View Full Version : Possible to OCR Japanese subtitles??


kpic
12th May 2010, 23:09
I was wondering if this were possible;

I have a movie that has Japanese subtitles I know I can rip the subtitles off of DVD to .sup format - I have Systran translator on my work computer, I never used it before but today I played around with it and it does have a Japanese to English translation but I would need to copy\paste the text (I know it will not be perfect but it would get me in the ballpark).

So I guess I would need to OCR the subtitles somehow to text (.srt)?? I imagine that would be a problem?

LUCHOO
13th May 2010, 12:43
SubRip to extract subtitles and save in Unicode, ..then you can translate it slowly......
and you need keyboard with Japanese language, it is a very tedious ..

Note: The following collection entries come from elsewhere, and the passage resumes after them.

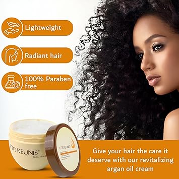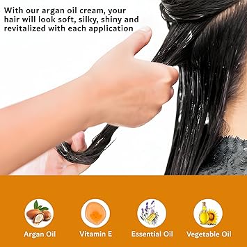 Give your hair the care it deserves with our revitalizing argan oil cream! Specifically designed to treat dry, damaged, frizzy and dull hair, as well as wigs and extensions, this cream is your secret ally to recover the health and beauty of your hair. Argan oil, known for its nourishing and repairing properties, penetrates deeply into the hair fiber to restore lost hydration, softness and shine. Its lightweight, non-greasy formula absorbs quickly, leaving no greasy residue, and protects hair from damage caused by heat, chemicals and styling tools. With our argan oil cream, your hair will look soft, silky, shiny and revitalized with each application. Regain confidence in your hair and show off healthy, radiant hair like never before!.
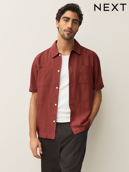 Rust Brown Linen Tencel Blend Short Sleeve Shirt
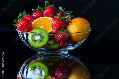 Vibrant assortment of fresh fruits in glass bowl with reflective surface - strawberries, oranges, and kiwis on black background
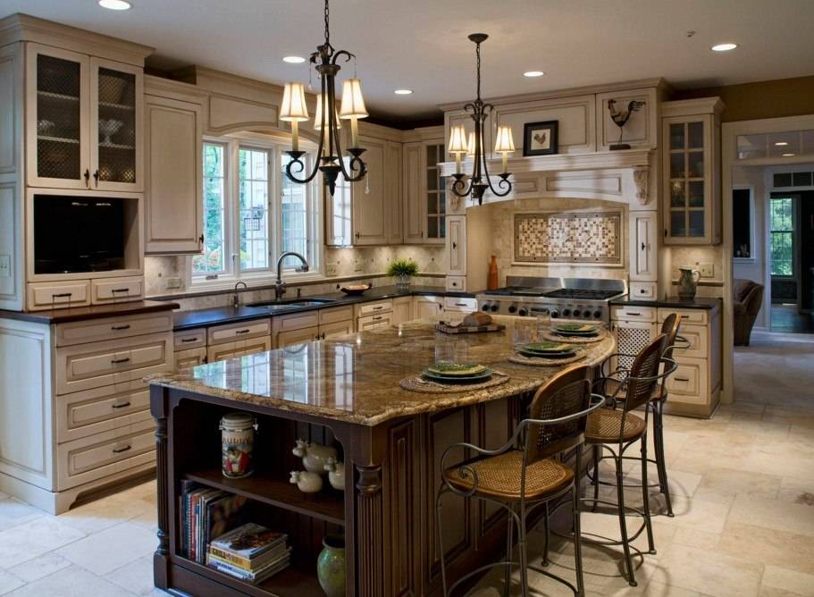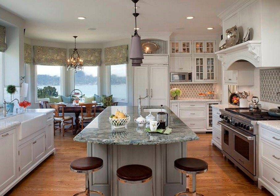 Прекрасным выбором при обустройстве кухонного пространства является сочетание классики и современности. Конечно же, такое объединение стилей довольно смелое. Но если подойти к процессу с полной ответственностью, результат получится блестящим. Для этого достаточно подобрать классическую мебель и придать ей современный внешний вид с помощью текстиля, принтов и орнаментов. В отдельной статье, вы можете почитать подробнее о кухне в стиле современная классика.
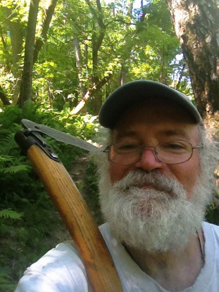 I also borrowed George and Jane’s weedwacker for the tougher parts.. The medieval approach is far more satisfying .
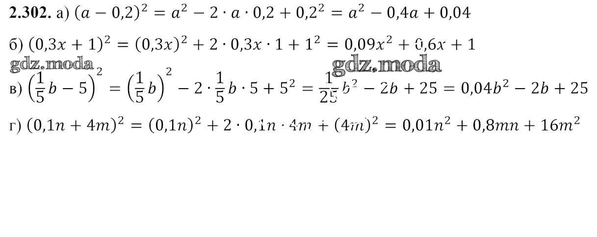 ОТВЕТ на задание № 2.302 Учебник по Алгебре 7 класс Арефьева
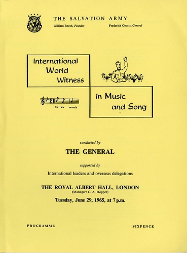 | Main Performers | General Frederick Coutts, Mrs Lt.-Colonel J Benjamin, Mrs General Orsborn, The Australian Timbrels, Captain Ian Cutmore, Major Alida Bosshardt, Colonel Leslie Rusher, Lt.-Colonel Jean Pierre Sechaud, Major William Leslie |
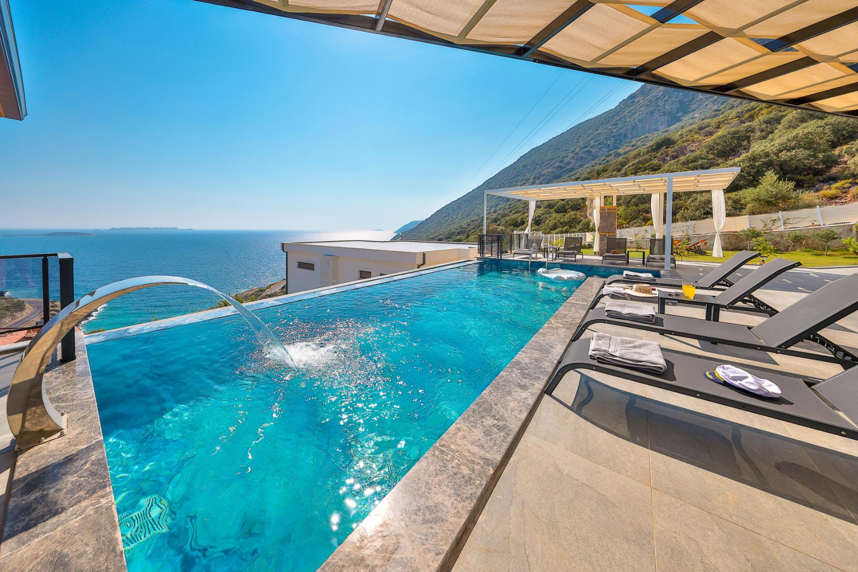🏖️ Sonsuzluk havuzu, Kaş’ın masmavi deniziyle bütünleşerek görsel bir şölen sunar.
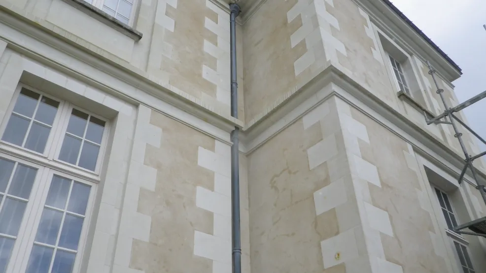 Ayant remporté l’appel d’offres lancé pour la restauration de la mairie de Neuvy-le-Roi, l’entreprise Hory-Chauvelin est intervenue pour remplacer certains éléments abîmés de l’appareillage en tuffeau et pour refaire les enduits.

http://h.imagehost.org/t/0241/Subrip_kanji.jpg (http://h.imagehost.org/view/0241/Subrip_kanji)

kpic
13th May 2010, 22:45
OK, thanks for the pic. I know OCR is difficult so I am prepared for that.
When you mention save as Unicode, would that be the "Code Page" and would I save as UTF 7 or 8? And would I then be able to open this Unicode file as text? Because I will need to copy\paste it.

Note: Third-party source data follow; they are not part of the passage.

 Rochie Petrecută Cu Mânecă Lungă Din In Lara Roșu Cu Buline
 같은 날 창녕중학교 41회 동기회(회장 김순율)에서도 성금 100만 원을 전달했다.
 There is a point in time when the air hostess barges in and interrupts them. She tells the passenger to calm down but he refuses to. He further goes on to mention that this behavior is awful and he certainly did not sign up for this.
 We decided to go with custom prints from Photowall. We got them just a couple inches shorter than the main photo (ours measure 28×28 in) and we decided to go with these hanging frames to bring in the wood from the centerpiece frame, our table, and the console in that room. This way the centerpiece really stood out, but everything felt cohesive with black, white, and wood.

If I use a Japanese\English keyboard do I need Microsoft IME running? Not really sure what the IME is but I read that I would need it?

Thanks!

06_taro
22nd May 2010, 18:20
There's a tool named IdxSubOCR, which uses MS Office MODI engine to OCR English, Chinese(Traditional &Simplified), Japanese, Korean and many other languages if the MODI Module of these languange has been installed (only your default language of MS Office is installed so you have to install other languanges manually if you want to use them in OCR). Though the GUI is in Chinese, it is very simple to use.